* [To do]: For this exercise, return exactly the lines of the material below that begin at the one with "Zoey Deutch: Οι" and stop after the one with "Il sapore della".

* [Available records]:
* * *
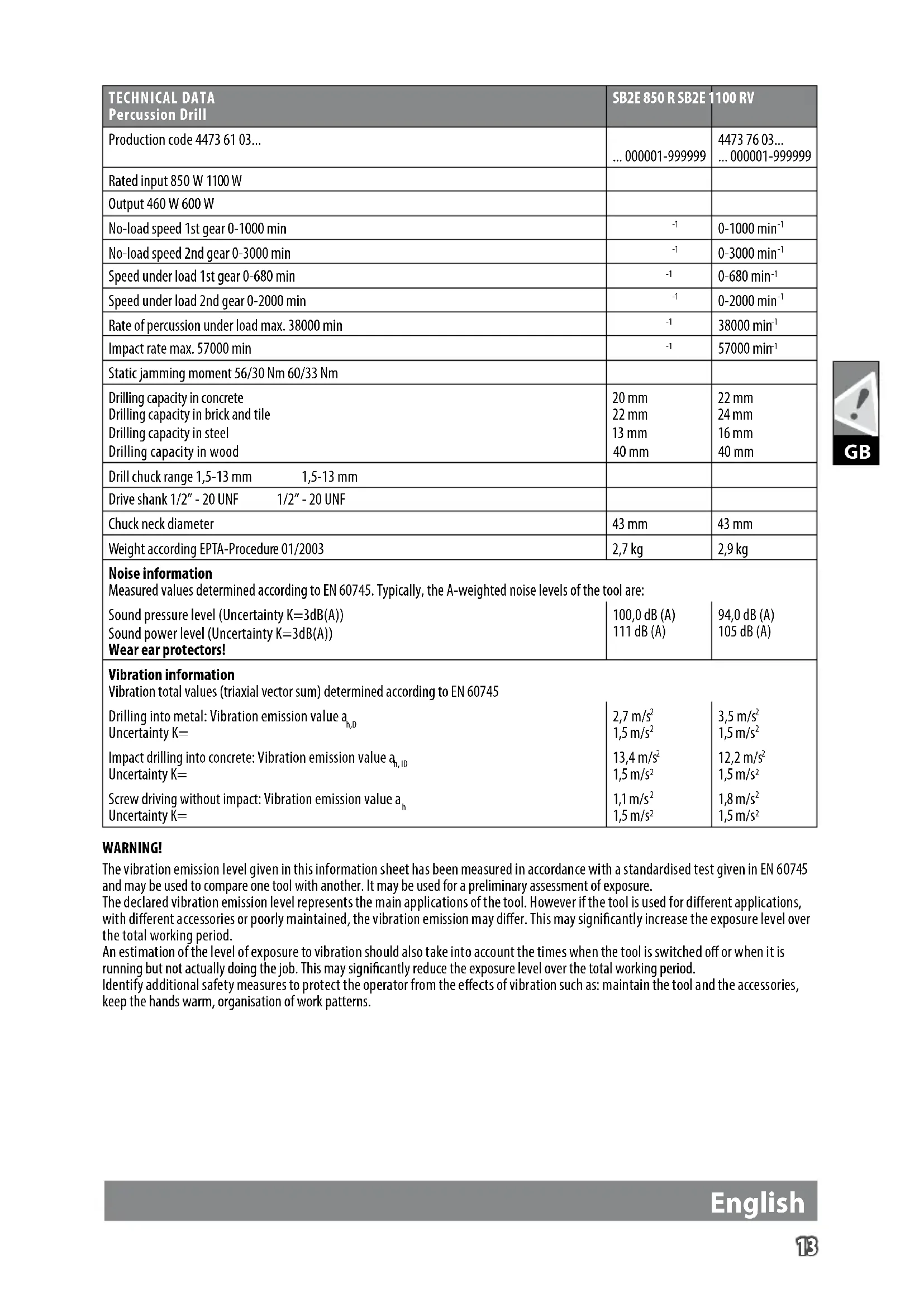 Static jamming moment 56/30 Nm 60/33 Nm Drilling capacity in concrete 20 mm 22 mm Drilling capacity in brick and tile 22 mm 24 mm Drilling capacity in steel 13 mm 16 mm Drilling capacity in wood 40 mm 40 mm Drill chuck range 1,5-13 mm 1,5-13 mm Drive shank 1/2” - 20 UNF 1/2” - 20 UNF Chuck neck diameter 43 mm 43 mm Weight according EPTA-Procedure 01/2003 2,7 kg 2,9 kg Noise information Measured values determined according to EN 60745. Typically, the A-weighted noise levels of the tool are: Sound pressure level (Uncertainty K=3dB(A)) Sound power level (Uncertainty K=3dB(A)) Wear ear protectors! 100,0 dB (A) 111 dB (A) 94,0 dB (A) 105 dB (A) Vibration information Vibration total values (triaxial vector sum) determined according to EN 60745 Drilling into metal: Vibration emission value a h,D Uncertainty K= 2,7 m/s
* * *
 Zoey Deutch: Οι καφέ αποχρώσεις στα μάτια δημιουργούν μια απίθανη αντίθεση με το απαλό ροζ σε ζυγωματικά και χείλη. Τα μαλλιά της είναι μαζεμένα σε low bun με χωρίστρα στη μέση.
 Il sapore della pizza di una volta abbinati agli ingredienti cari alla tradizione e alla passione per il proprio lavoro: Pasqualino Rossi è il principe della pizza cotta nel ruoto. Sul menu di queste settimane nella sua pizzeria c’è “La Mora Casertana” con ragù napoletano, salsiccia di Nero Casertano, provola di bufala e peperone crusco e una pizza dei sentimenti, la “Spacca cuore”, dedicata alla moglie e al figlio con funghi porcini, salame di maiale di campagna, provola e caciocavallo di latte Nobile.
* * *
* [Your solution]:
 Zoey Deutch: Οι καφέ αποχρώσεις στα μάτια δημιουργούν μια απίθανη αντίθεση με το απαλό ροζ σε ζυγωματικά και χείλη. Τα μαλλιά της είναι μαζεμένα σε low bun με χωρίστρα στη μέση.
 Il sapore della pizza di una volta abbinati agli ingredienti cari alla tradizione e alla passione per il proprio lavoro: Pasqualino Rossi è il principe della pizza cotta nel ruoto. Sul menu di queste settimane nella sua pizzeria c’è “La Mora Casertana” con ragù napoletano, salsiccia di Nero Casertano, provola di bufala e peperone crusco e una pizza dei sentimenti, la “Spacca cuore”, dedicata alla moglie e al figlio con funghi porcini, salame di maiale di campagna, provola e caciocavallo di latte Nobile.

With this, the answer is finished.